In the mean time, I found the comment below in #14.

Note that the one_peace_vision.pth is different from one-peace-vision.pkl in model names.

But I don't understand what exactly mean. I'm not super clear on what's going on with all the checkpoints and their convsersion. I believe onepeace_seg_cocostuff2ade20k.pth is not a file I can download.

Thanks in advance. 🙂

logicwong commented 1 year ago

What is https://one-peace-shanghai.oss-accelerate.aliyuncs.com/one_peace_checkpoints/one_peace_vision.pt for? It look slike almost all the keys are missing when loading the checkpoint.
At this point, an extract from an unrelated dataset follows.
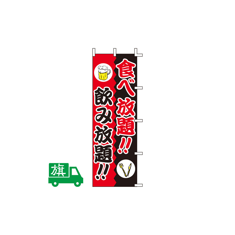 商品説明:のぼり旗 食べ放題!飲み放題!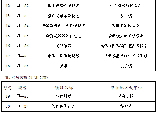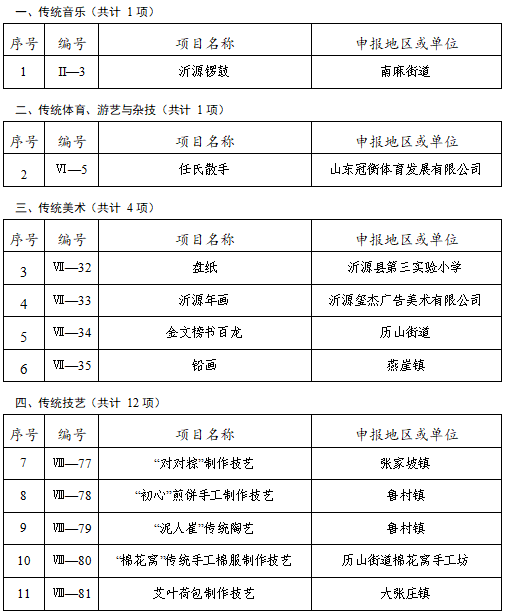 关于公布沂源县第九批非物质文化遗产名录的通知

So I tried to convert it and load it again, but ended up with Invalid magic number; corrupt file?. Which one am I supposed to use?

Since ONE-PEACE is a sparse model with different parts dedicated to different modalities, it can be disassembled into different branches to handle specific tasks. https://one-peace-shanghai.oss-accelerate.aliyuncs.com/one_peace_checkpoints/one_peace_vision.pt is the Vision-Branch that only contains the vision adapter, self-attention layers, and vision FFNs. (Language and audio parts, such as language FFNs, have been manually removed from http://one-peace-shanghai.oss-accelerate.aliyuncs.com/one-peace.pt). It seems that these branches may cause confusion, we plan to remove these checkpoints.

For the semantic segmentation task, you can refer to one_peace_vision.md and seg.md.

simonJJJ commented 1 year ago

Hi @hotohoto, we have released the segmentation checkpoint here and also one-peace-vision.pkl here.

You can use the segmentation checkpoint to segment random image files.

Also, one-peace-vision.pkl is only different from one_peace_vision.pth in model names.

hotohoto commented 1 year ago

Thank you for the support! I'll take a look at them sooner or later.